• **Data listing**:
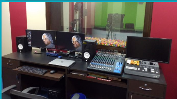
A.V. LAB & E-CONTENT DEV. CENTRE
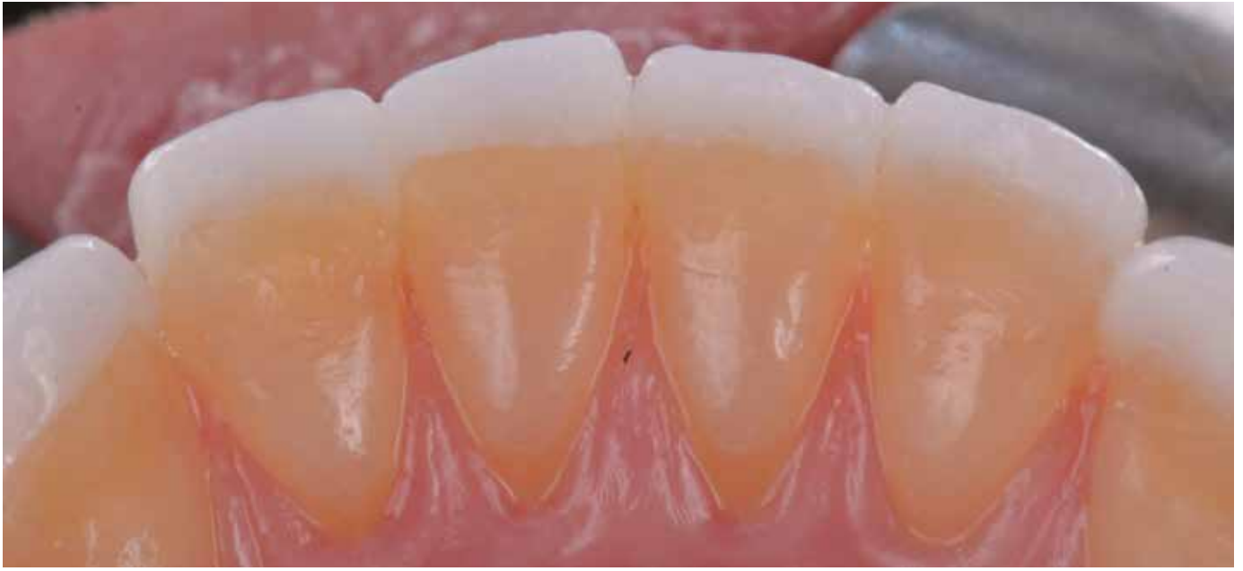
Figure 26: Adaptation of the veneers.
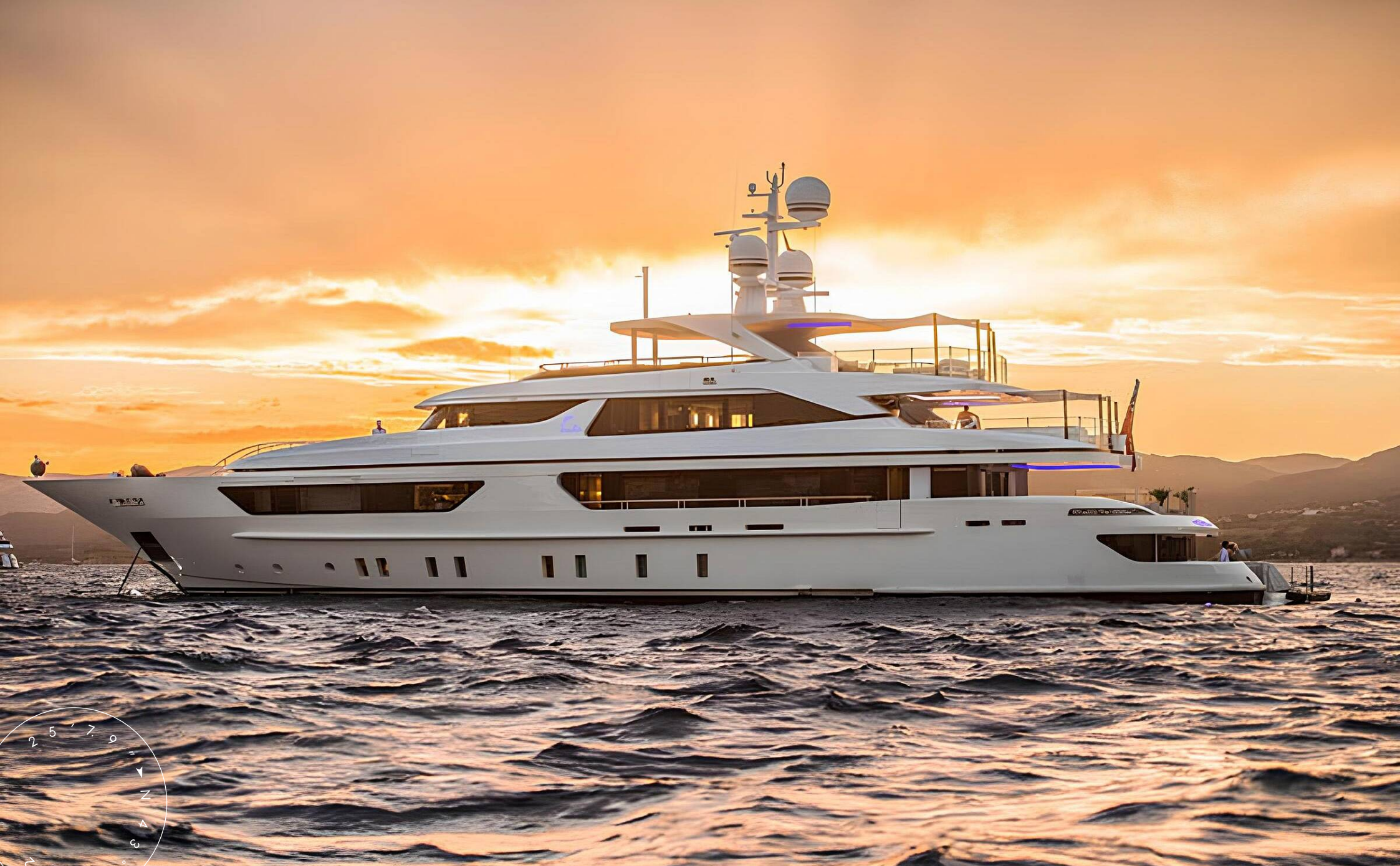
EXTERIOR SANLORENZO SL46 2015 MY SCORPION
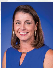
Joanne P. McCallie Head Coach 13th Season at Duke
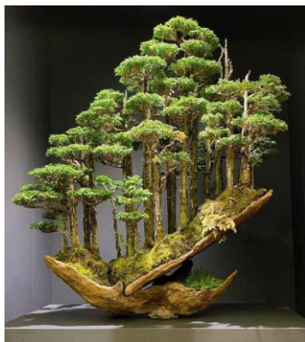
One of the most famous forest Bonsai, by Masahiko Kimura.
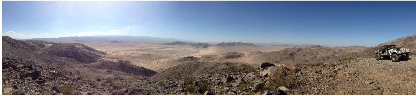
Means Dry Lake after it rained 4 inches in 18 hour period October 2018.

January February March 2023 An award-winning publication. A monthly publication of the Dirt Devils a 501(c)(7) corporation 960 N Tustin St #120 Orange CA 92867 http://www.dirtdevils.org/
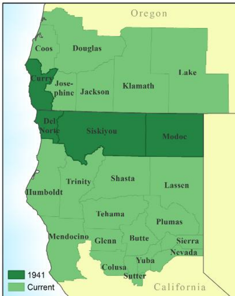
Figure 5. The territorial vision of the current State of Jefferson secessionist movement is far greater than that of the 1941 movement (map by Connor Mullinix).

Understandable are the anxieties of some researchers in engaging with a regional construct so closely associated with a reactionary political movement. However, the underlying circumstances driving the secessionists’ complaints are certainly deserving of scholarly inquiry.
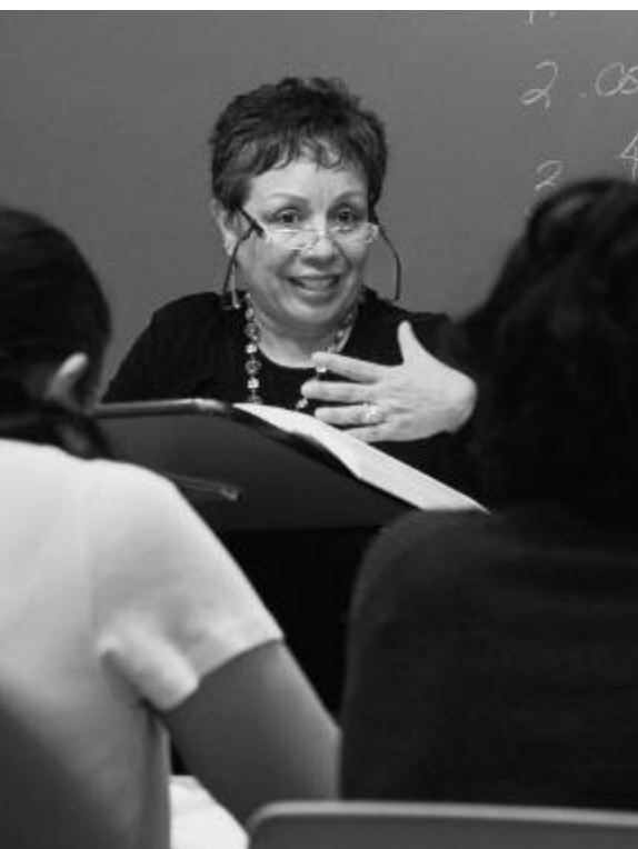
Mount St. Mary's College in Los Angeles was one of the nursing programs studied by TRPI.

The results of TRPI's findings will be disseminated in a report to policymakers and stakeholders throughout the state this summer at two regional briefings. TRPI also plans to post the report online, issue a news release, and also announce its release on a widely circulated electronic mailing list.
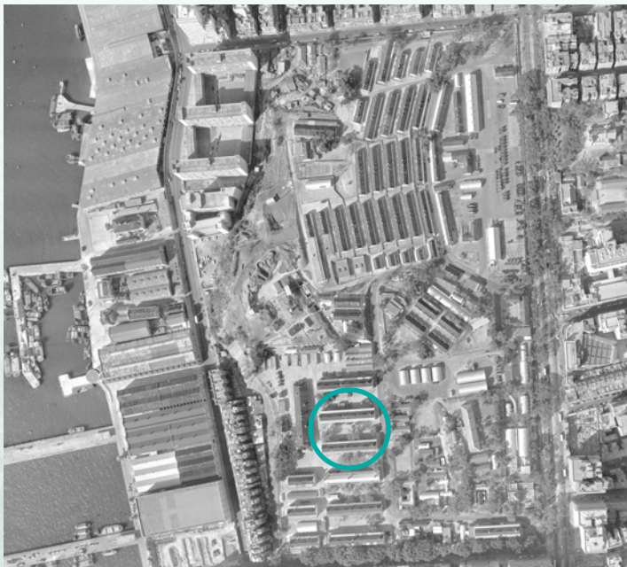
一九六四年從高空俯覽整個威菲路軍營，圓圈內的營房為S61及S62座。 An aerial view of Whitfield Barracks, 1964, the two circled barracks are Blocks S61 and S62.
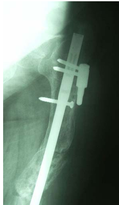
Fig. 3 Case 1: nonunion of the femoral neck and femoral diaphysis
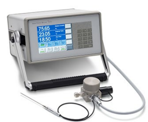
Chilled Mirror Dew Point Meter and Humidity Generators Model 473™
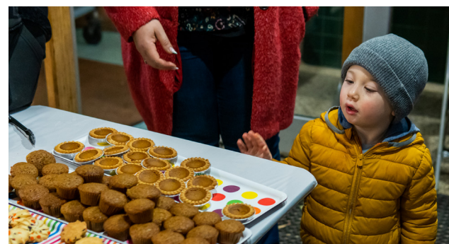
Contemplating treats at Harbord Bakery

While 2023 details are still in development, we can enjoy the memories of 2022, which saw a full and safe return of our wonderful annual event—in person! Harbord St. was once again lined with carved pumpkins from across HV, accompanied by hot cider and treats provided by local businesses. Neighbours and visitors alike enjoyed the lit-up artistry of the season in some of the best weather we've ever had! Thanks to the massive team of volunteers—students, residents, and business owners—who helped make it such a success. Check out the fantastic photos at https://bit.ly/3LIPa5p .
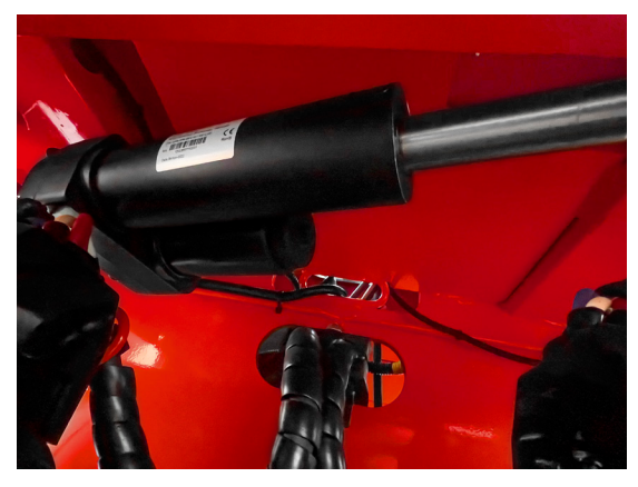
Electric actuator steerling system

• **Exercise prompt**:
Print out the material verbatim, skipping pictures.

• **Exercise response**:
A.V. LAB & E-CONTENT DEV. CENTRE
Figure 26: Adaptation of the veneers.
EXTERIOR SANLORENZO SL46 2015 MY SCORPION
Joanne P. McCallie Head Coach 13th Season at Duke
One of the most famous forest Bonsai, by Masahiko Kimura.
Means Dry Lake after it rained 4 inches in 18 hour period October 2018.

January February March 2023 An award-winning publication. A monthly publication of the Dirt Devils a 501(c)(7) corporation 960 N Tustin St #120 Orange CA 92867 http://www.dirtdevils.org/
Figure 5. The territorial vision of the current State of Jefferson secessionist movement is far greater than that of the 1941 movement (map by Connor Mullinix).

Understandable are the anxieties of some researchers in engaging with a regional construct so closely associated with a reactionary political movement. However, the underlying circumstances driving the secessionists’ complaints are certainly deserving of scholarly inquiry.
Mount St. Mary's College in Los Angeles was one of the nursing programs studied by TRPI.

The results of TRPI's findings will be disseminated in a report to policymakers and stakeholders throughout the state this summer at two regional briefings. TRPI also plans to post the report online, issue a news release, and also announce its release on a widely circulated electronic mailing list.
一九六四年從高空俯覽整個威菲路軍營，圓圈內的營房為S61及S62座。 An aerial view of Whitfield Barracks, 1964, the two circled barracks are Blocks S61 and S62.
Fig. 3 Case 1: nonunion of the femoral neck and femoral diaphysis
Chilled Mirror Dew Point Meter and Humidity Generators Model 473™
Contemplating treats at Harbord Bakery

While 2023 details are still in development, we can enjoy the memories of 2022, which saw a full and safe return of our wonderful annual event—in person! Harbord St. was once again lined with carved pumpkins from across HV, accompanied by hot cider and treats provided by local businesses. Neighbours and visitors alike enjoyed the lit-up artistry of the season in some of the best weather we've ever had! Thanks to the massive team of volunteers—students, residents, and business owners—who helped make it such a success. Check out the fantastic photos at https://bit.ly/3LIPa5p .
Electric actuator steerling system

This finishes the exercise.